*Input records:*
::::
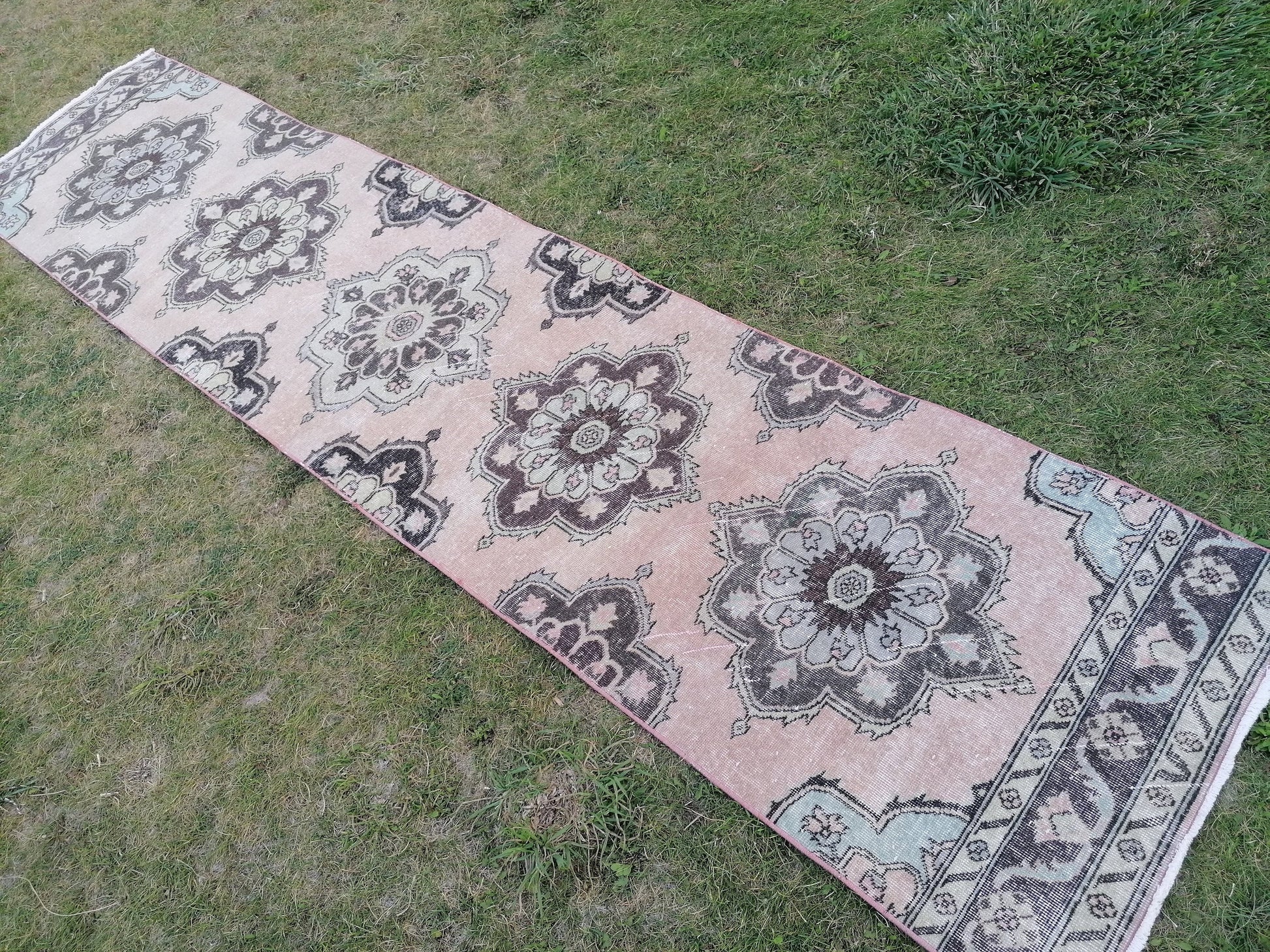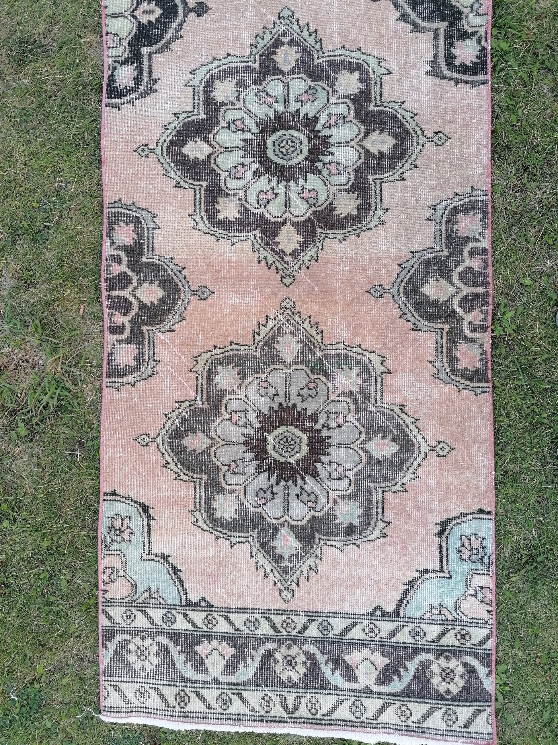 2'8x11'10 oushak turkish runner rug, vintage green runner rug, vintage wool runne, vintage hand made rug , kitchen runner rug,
::::
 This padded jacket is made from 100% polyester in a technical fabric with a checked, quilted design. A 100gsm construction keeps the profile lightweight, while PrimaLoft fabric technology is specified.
::::
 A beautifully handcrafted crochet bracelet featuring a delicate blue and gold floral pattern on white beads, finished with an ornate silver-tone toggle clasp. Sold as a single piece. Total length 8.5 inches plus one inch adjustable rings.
::::
*What you will do:*
The answer is each line in which the word "with" occurs, copied from the material above.

*Solution to this task:*
 This padded jacket is made from 100% polyester in a technical fabric with a checked, quilted design. A 100gsm construction keeps the profile lightweight, while PrimaLoft fabric technology is specified.
 A beautifully handcrafted crochet bracelet featuring a delicate blue and gold floral pattern on white beads, finished with an ornate silver-tone toggle clasp. Sold as a single piece. Total length 8.5 inches plus one inch adjustable rings.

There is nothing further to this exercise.